Flight Shaming, what impact does it have on business travel?
“ Flight shaming ”, feeling the stigma of flying, is a major current talking point, especially in Sweden. The country has seen its air traffic decrease over the past year, whereas global forecasts predict growth*.
According to local authorities, Sweden has shown a 3.8% decrease in the number of passengers on flights since the beginning of 2019. This figure includes 8.7% for domestic flights and 2.6% for flights to foreign countries. The introduction of the environmental tax on air transport and Greta Thunberg’s activism seem to have discouraged Swedes from flying.
However, these figures contradict the projections for the next few years. According to Airbus, the number of aircraft in service will double by 2039, reaching 48,000. What’s more, fleet renewal will make it possible to become carbon neutral. Passenger numbers are also expected to double from 4.3 billion in 2018 to 8.2 billion in 2037*.
From a professional point of view, when it comes to travel policies, companies need to be pragmatic. Trains can be chosen for journeys of less than 3 hours and beyond that the plane is preferred. Some regions, such as Asia or the United States, favour air transport given their geographical size and therefore the time it takes to travel.
However, the environmental demands from customers, both private and professional, are increasingly being felt and transport operators must be prepared to respond to them. To achieve carbon-neutral growth by 2039, the industry will need to be innovative in terms of resources, but also in terms of communication to enhance the value of the actions implemented, and to reassure the increasingly sceptical public.

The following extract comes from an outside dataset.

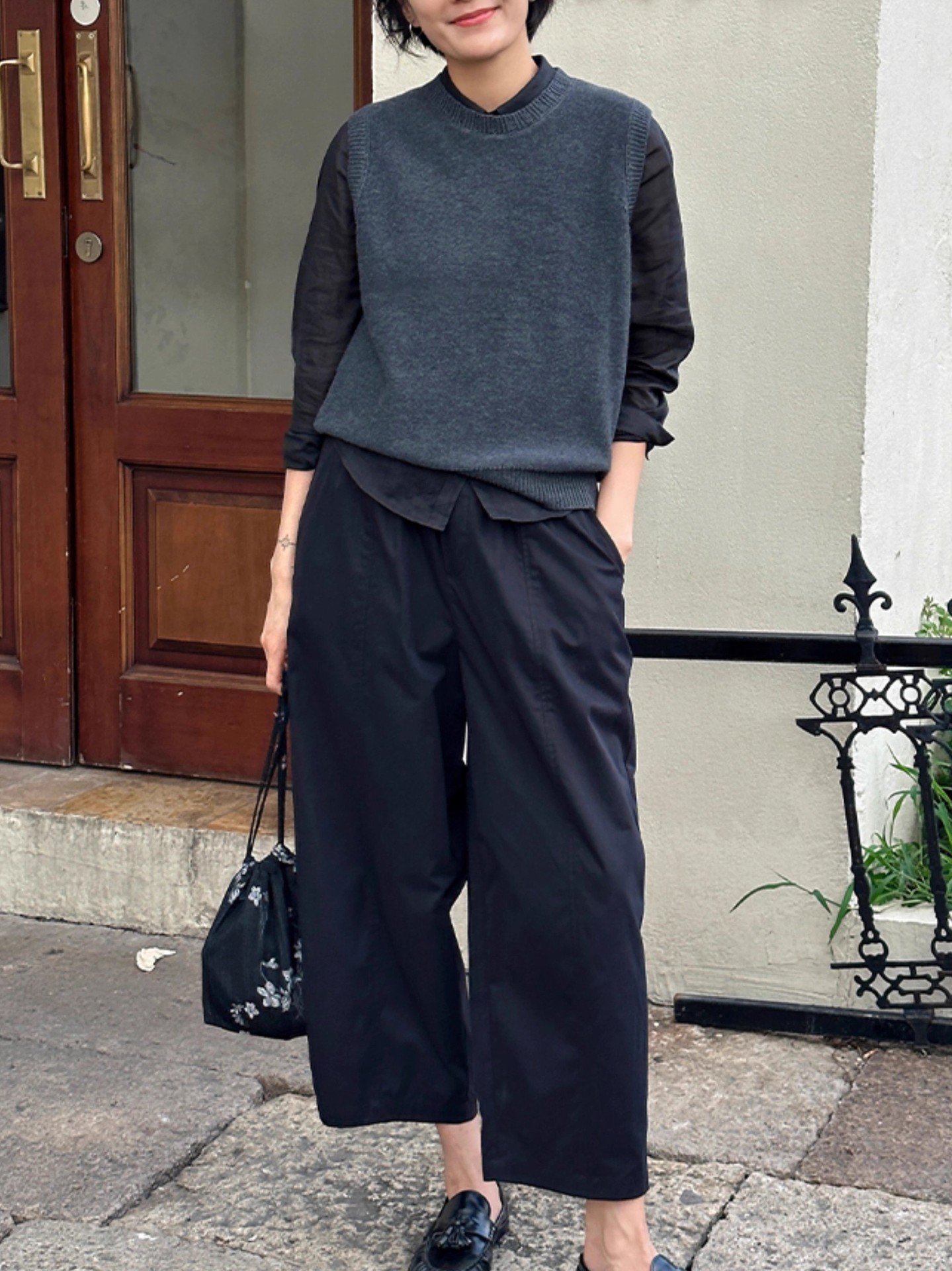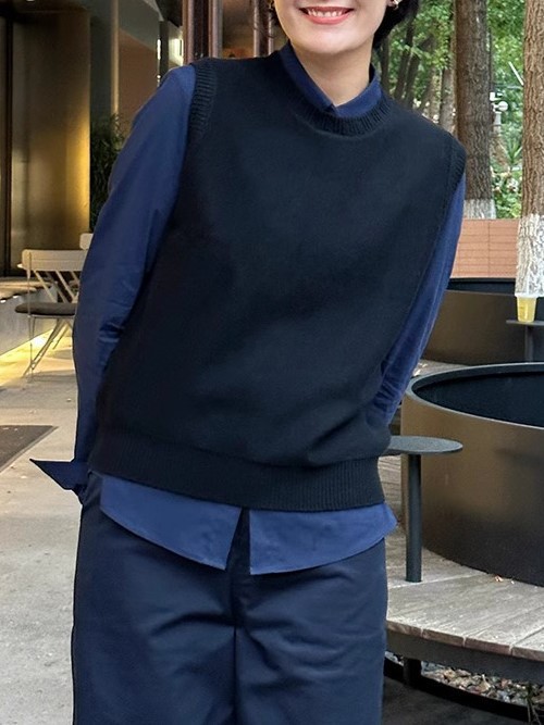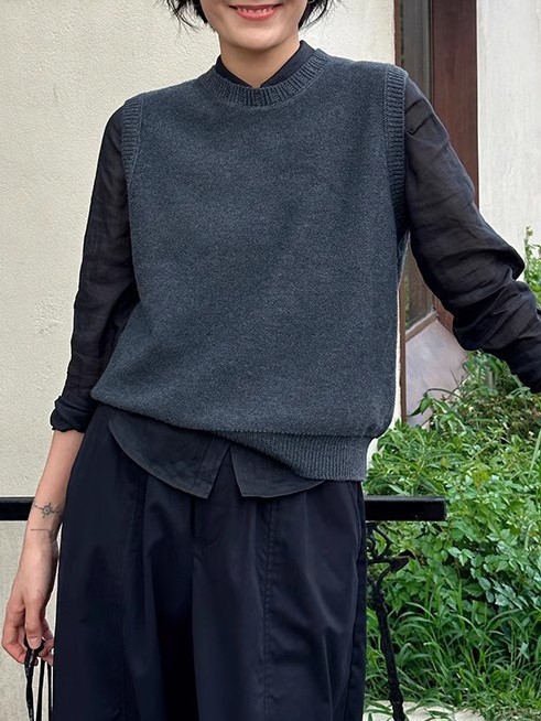 양모 니트 조끼 2025 봄 새로운 여성 민소매 조끼 외부 허리 코트 블랙 프리 사이즈스토어 가기

Although unpopular, some measures have already been tested by airlines, such as charging a surcharge to offset carbon emissions or no longer providing in-flight duty-free sales. The CORSIA programme, designed and adopted in 2016 to offset and reduce CO2 emissions for international aviation, will also be closely monitored.
The stakes are high for players in this sector. They will have to increase communication about their actions and results, or they run the risk of having their image tarnished and their business substantially weakened.